BBC News looks at the significance of the announcement.

What have the UK researchers done?

Professor Alison Murdoch and colleagues at Newcastle University took donor eggs and switched the genetic material of these cells with DNA from embryonic stem cells.

Three of the resultant clones grew for three days and one survived another two days.

Embryos at the five day stage are composed of a ball of cells and called a blastocyst.

How does this differ from the Seoul researchers' work?

Professor Hwang Woo-suk and colleagues created embryos that were the exact genetic copies of the women who donated the eggs and cells to make them.

They produced 30 embryo clones that divided over several days to a stage where special cells known as embryonic stem cells could be extracted.

How credible is the research?

Several groups have made claims in the past for similar work.

In some cases, no evidence was presented to back up the assertions. In others, where supporting data was published, the embryos stopped dividing at a very early stage.

The Koreans, on the other hand, have shown their embryos to be long lasting. What is more, they have subjected their work to independent scrutiny and a paper detailing their experiments has been published by the international journal Science.

Dr Murdoch's team's work is also published at Reproductive BioMedicine online

What makes these techniques successful?

Both the South Korean team and the UK researchers credit their successes to the use of extremely fresh donor eggs.

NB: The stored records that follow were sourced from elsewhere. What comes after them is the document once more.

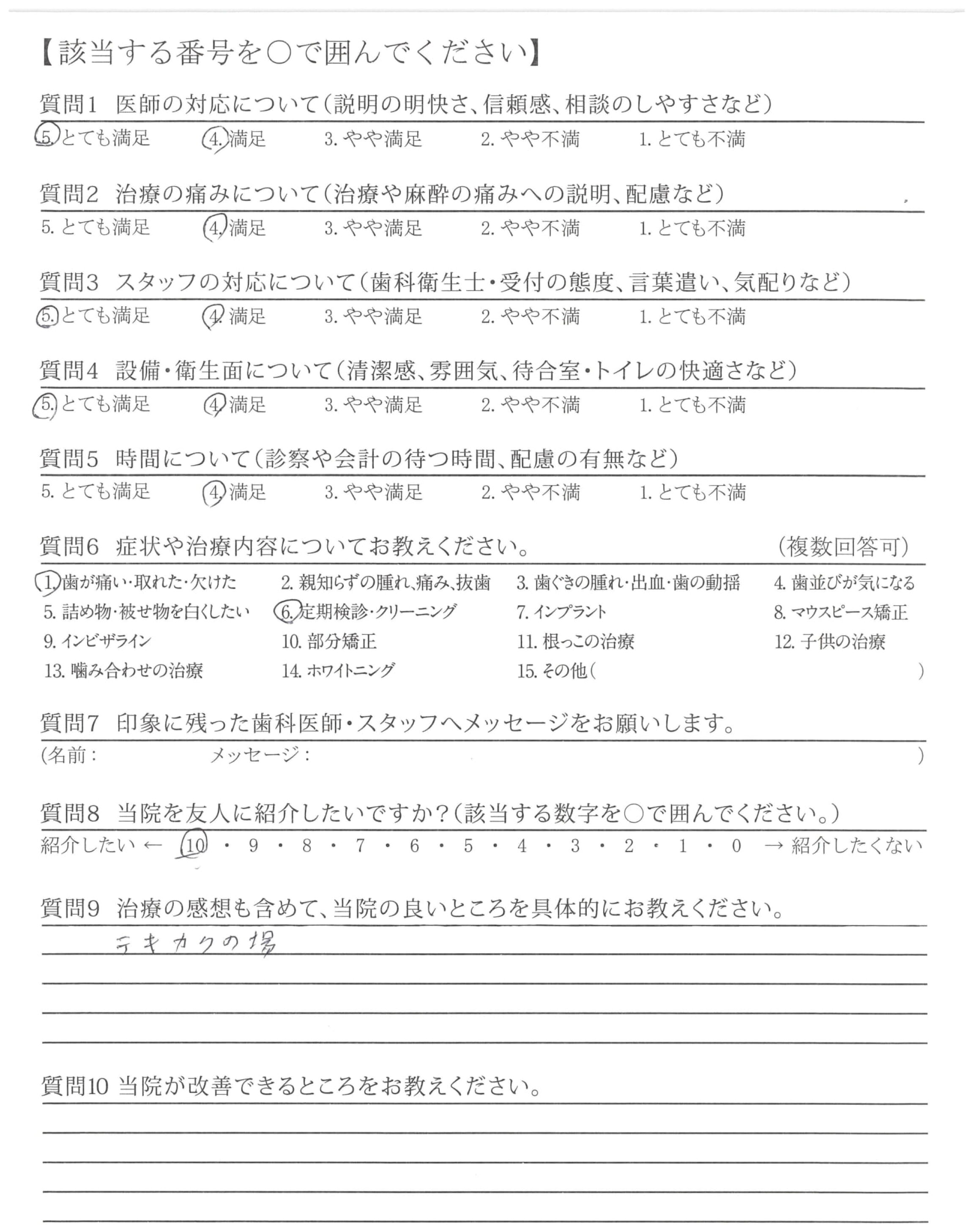 | 歯科医師の対応 | ![]() ![]() ![]() ![]() 4.60 |
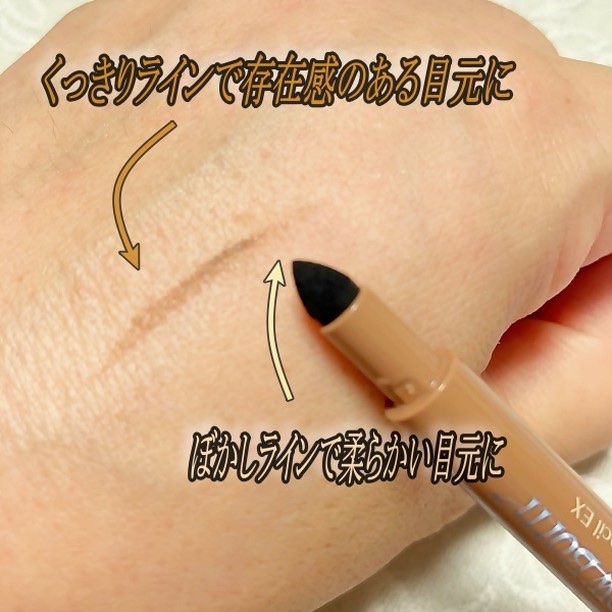 - 1.5mmの超極細ペンシルとぼかしチップがついた、まるでリキッドのような描き心地のアイライナー。 クリーミーな使い心地のペンシルタイプのアイライナーです。 ペンシルとぼかしチップを一体化したことで、これまで綿棒や指を使ってぼかしていた方もこれ1本で簡単にナチュラルな旬のぼかしメイクが完成します。 また、超極細の1.5mm芯で目尻をハネ上げるクールなラインも自在に描け、誰でもテクニックいらずでなりたい目元を叶えます。
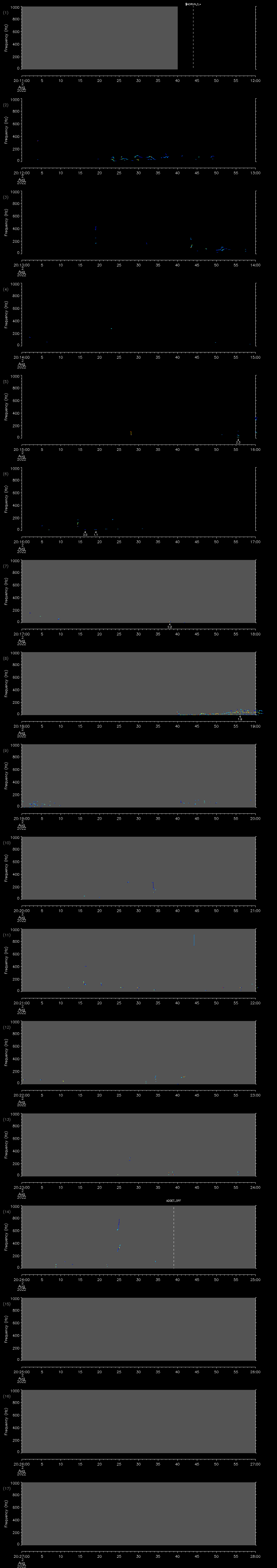 - MUTEON: the hydrophone is muted to assess system noise and to provide a time mark in the audio recording
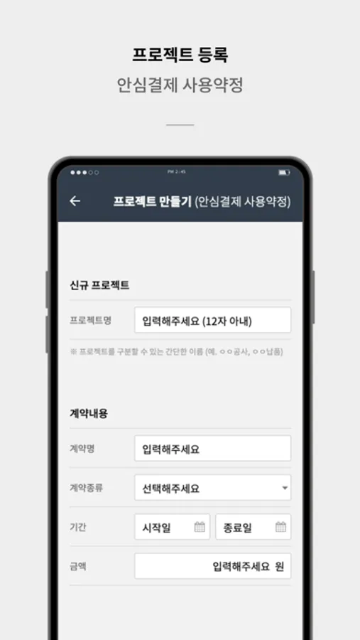 - 고객(발주자) : 공급자에게 지급할 대금을 안심계좌로 예치하여 먹튀나 사기방지, 실시간 진행사항 확인하고 프로젝트관리나 정산 등 서비스 이용수수료 무료입니다.
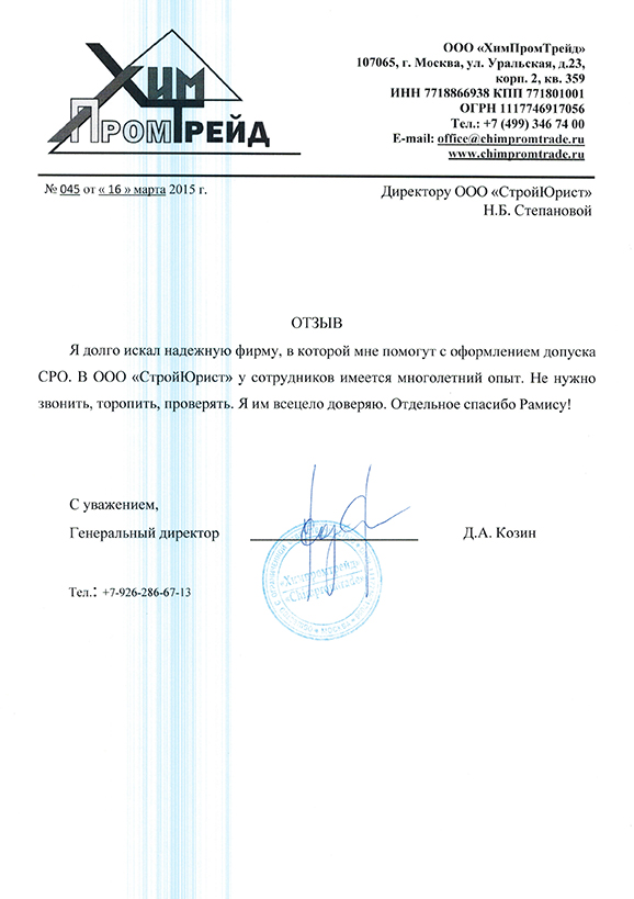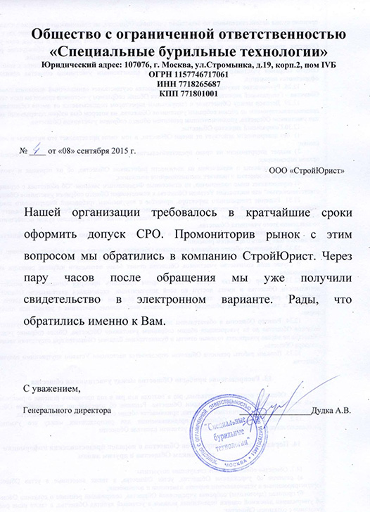 Отзывы клиентов "СтройЮрист" по вступлению в СРО в Саратове
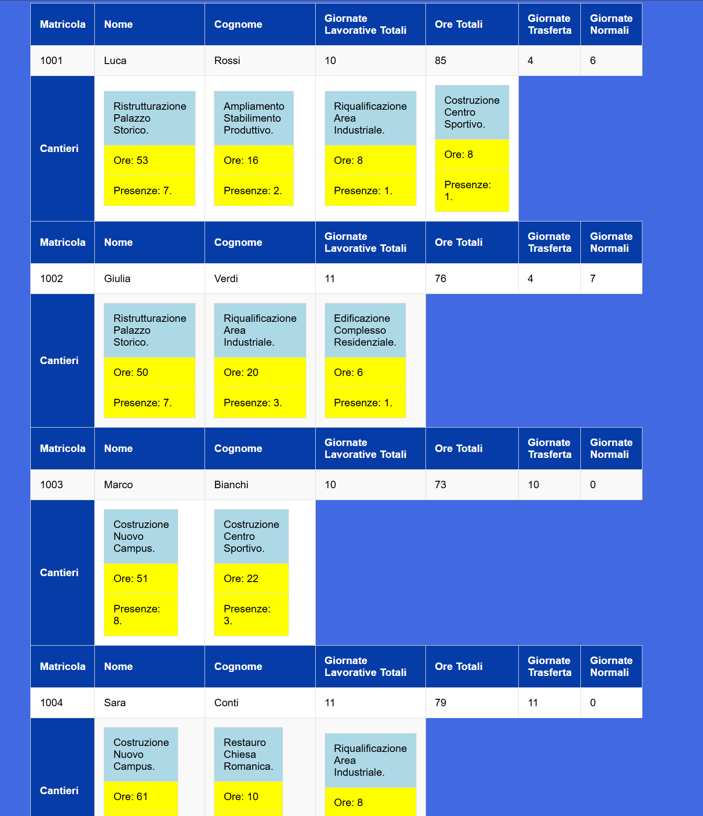 E' possibile visualizzare tutti i dati lavorativi di ogni dipendente, comprese le ore, i giorni e i cantieri in cui ha lavorato, in un range di date selezionate. Cio' faciliterà la gestione e la realizzazione delle buste paga.

What is the point of the research?

SOUTH KOREAN CLONING

The ultimate aim would be to harvest stem cells - "master" cells that can divide into virtually any of the body's tissues - from the cloned embryos to treat diseases. This is known as therapeutic cloning.

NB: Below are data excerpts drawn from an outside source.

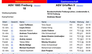 Im Hauptkampf kam es zum Aufeinandertreffen der beiden noch ungeschlagenen Mannschaften vom ASV Urloffen II und unserer I. Mannschaft. In der Klasse bis 57 kg machte Leon Treffeisen kurzen Prozess und drückte seinen Gegner nach wenigen Sekunden auf beide Schulterblätter. Im Schwergewicht musste sich Patrick Kaufmehl dem starken Zoel Pirjean technisch überhöht geschlagen geben. Ivaylo Dimov konnte nach überstandener Erkältung wieder ins Kampfgeschehen eingreifen und sicherte einen ungefährdeten technisch überhöhten Punktsieg. Den wohl spannendsten Kampf lieferten sich Michael Kaufmehl und der starke Mohammed Umkhadjiev im Halbschwergewicht. Der Gastringer zeigte sich völlig unbeeindruckt vom namhaften Gegner und verlangte unserem Michel alles ab. Nach der vollen Kampfdistanz konnte Michel seine ganze Routine in einen knappen Punktsieg verwandeln. Ein toller Kampf von beiden Seiten. In der Klasse bis 66 kg wehrte sich Abdullah Rahimi gegen Justin Federer nach Leibeskräften, er konnte jedoch eine technisch überhöhte Niederlage nicht verhindern. Moritz Bettge kochte für die Klasse bis 86 kg GR ab, was sich auszahlen sollte. Gegen Anton Schwarzkopf sicherte er einen klaren Punktsieg für unsere Mannschaft. Andreas Truschakov konnte seinen ersten Sieg für unsere Mannschaft vor heimischem Publikum einfahren. In der Klasse bis 71 kg lieferte er sich einen spannenden Kampf gegen Otto Schwarzkopf und gewann knapp nach Punkten. Tobi Miller konnte in der Klasse bis 80 kg gegen Nikolay Kiryakov leider nichts entgegensetzen und verlor technisch überhöht. In der Klasse bis 75 kg A musste Alish Alish erstmals eine empfindliche Niederlage gegen Abdul Khakim Umkhadjiev hinnehmen. Gegen den starken Urloffener war an diesem Abend nichts zu holen. Andrej Janzen bewies sich einmal mehr als Matchwinner und sicherte im letzten Kampf den Mannschaftssieg mit einem technisch überhöhten Punktsieg gegen Max Brenn. Unsere Mannschaft grüßt nunmehr vom Sonnenplatz in der Tabelle.
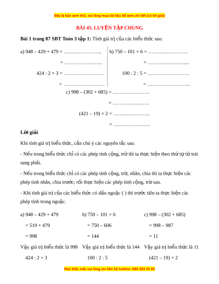 Bài 3 trang 88 SBT Toán 3 t p 1 ậ : a) Tính giá tr c ị a ủ các bi u t ể h c ứ sau:
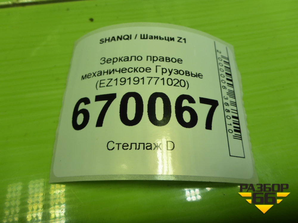 Зеркало правое механическое (EZ19191771020) для SHANQI Z1 в Москве
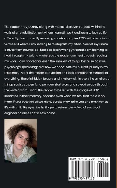 "Gray Black's Poetic Portrait" is an immersive and deeply personal collection that weaves together a rich tapestry of emotional landscapes, exploring the intricate web of trauma, recovery, identity, and the complexities of human experience. Written by Gray Black during a time of personal transformation, this collection reflects the author's journey through the trials of mental health, particularly complex PTSD and dissociative identity disorder (DID), offering an unfiltered look at the struggles and triumphs of healing. The poems within grapple with profound questions of self-worth, the nature of pain, and the paths to recovery, while also exploring themes of love, autonomy, societal expectations, and the fluidity of identity. Gray Black's writing is raw, vivid, and unapologetically honest, pulling readers into a world where personal and collective suffering are met with resilience and moments of hard-won clarity. From vivid depictions of childhood turmoil to striking allegories on mental illness and social alienation, each poem holds up a mirror to the human spirit's capacity to endure. Poems like "Forsaken Sheep" and "Being Ripped in Two" capture the intense inner battles of dissociation and societal rejection, while works such as "Electrifying Lithium" and "Democracy" tackle broader, philosophical questions about existence, science, and humanity's flawed systems. Gray Black also touches on themes of gender and sexual identity, with pieces like "Queer and Questioning" and "The Forbidden Lily" delving into the fluidity of attraction, self-discovery, and the search for acceptance in a world often hostile to difference. These poems speak candidly to LGBTQ+ experiences, underscoring the challenges and beauty of embracing one's true self. Throughout the collection, there is a persistent theme of rebirth and transformation, symbolized in both personal recovery and the transcendence of everyday struggles. "The Giving Witch" and "The Verbal Prostitute" use powerful imagery and metaphor to explore personal empowerment, while "Morning Star" and "Sacrificial Lamb" reflect on sacrifice, death, and the painful, yet necessary, journey toward wholeness. More than just a collection of poetry, "Gray Black's Poetic Portrait" serves as a form of literary therapy, not only for the author but for readers who may find solace in the shared experiences of vulnerability, struggle, and the search for inner peace. With themes that resonate universally-trauma, healing, identity, and hope-this work invites readers to look beyond the surface and find hidden beauty in life's darkest moments. "Gray Black's Poetic Portrait" is an emotional exploration, a beacon of hope, and an invitation to embrace the complexity of life, where pain and joy coexist, and healing is possible through reflection, creativity, and self-compassion.

The Koreans successfully extracted embryonic stem cells from their embryos.

They demonstrated the beginnings of this differentiation and saw it progress still further when the cells were transplanted into mice.

The Korean researchers view therapeutic cloning as very different from reproductive cloning - attempting to bring about the birth of a cloned baby.

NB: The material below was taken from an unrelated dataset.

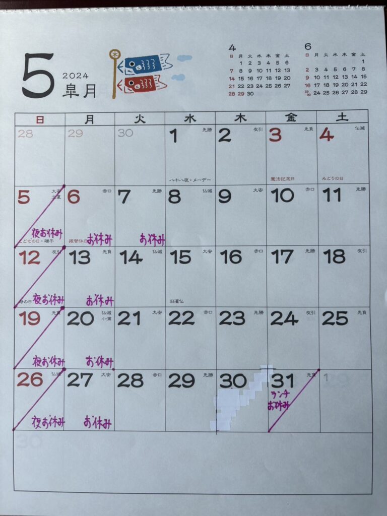 お知らせ 未分類 5月のお休みとなります5/5(日)夜の営業5/6 (月) 5/7(火)とお休みとなります。ご迷惑おかけ致しますがご理解の程よろしくお願い致します。 本日4/29(月)ランチのみの営業です。ご来店お待ちしております。
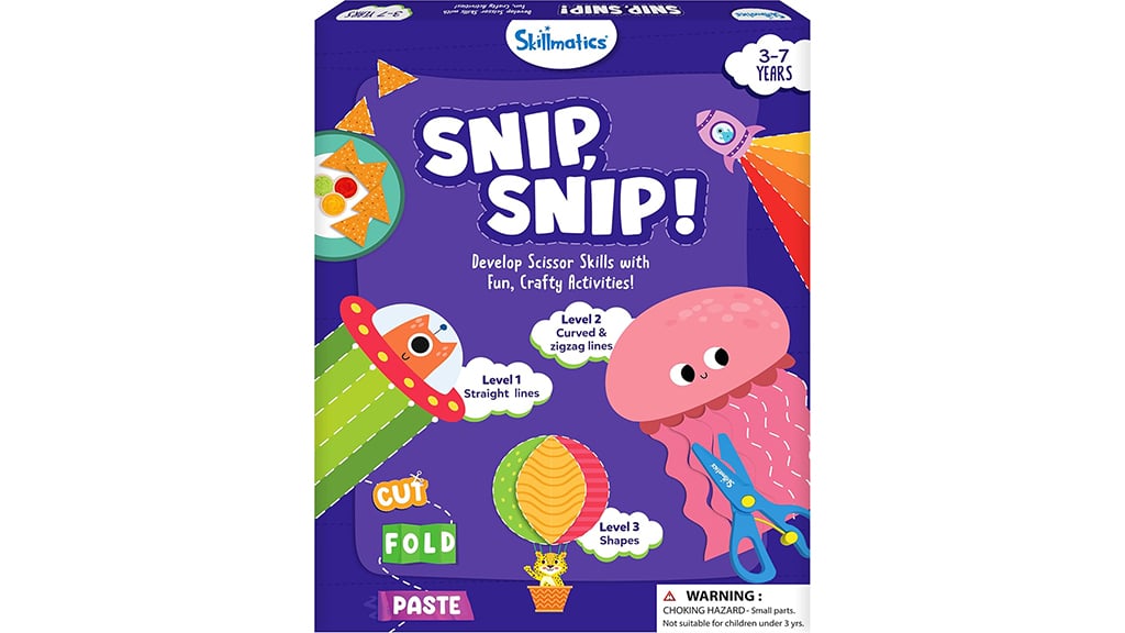 Ovaj set je dizajniran s tri različite razine težine, koji korak po korak vodi djecu: od rezanja ravnih linija, preko zakrivljenih i cik-cak uzoraka, sve do sigurnog izrezivanja različitih oblika. Paket sadrži radnu bilježnicu s 25 vježbi rezanja, dvije škare prilagođene djeci i jedan ljepilo u stiku. Dostupan je u više tematskih varijanti, tako da svako dijete može pronaći ono što mu je najzanimljivije. Ovaj set ne razvija samo finu motoriku, već i kreativnost i samopouzdanje, dok se djeca kroz igru uče.

How far away is therapeutic cloning?

Experts believe it will be many years before stem cell treatments based on cloning technology are available.

If the cells come from a cloned embryo they should not be rejected by the patient because they match exactly that individual's genetic make-up.

At the moment, patients have to take powerful drugs to prevent their body's immune system from attacking tissues transplanted from another person.

Are there not ethical concerns here?

All embryo research draws the criticism that it is tampering with cells which have the potential to be human beings.

The Korean and UK experiments were given approval by an ethical review board and all the women who donated cells and eggs gave informed consent - but this will mean nothing to those who are uncomfortable with this kind of science.

Could this latest work bring a cloned baby closer?

Potentially, yes.

Scientists have been struggling to clone monkeys. It is clear there are particular difficulties involved in making genetic copies of primates.

The Korean and UK research shows some of these technical hurdles can be overcome and those minded to produce cloned babies will attempt to use the new information to make children.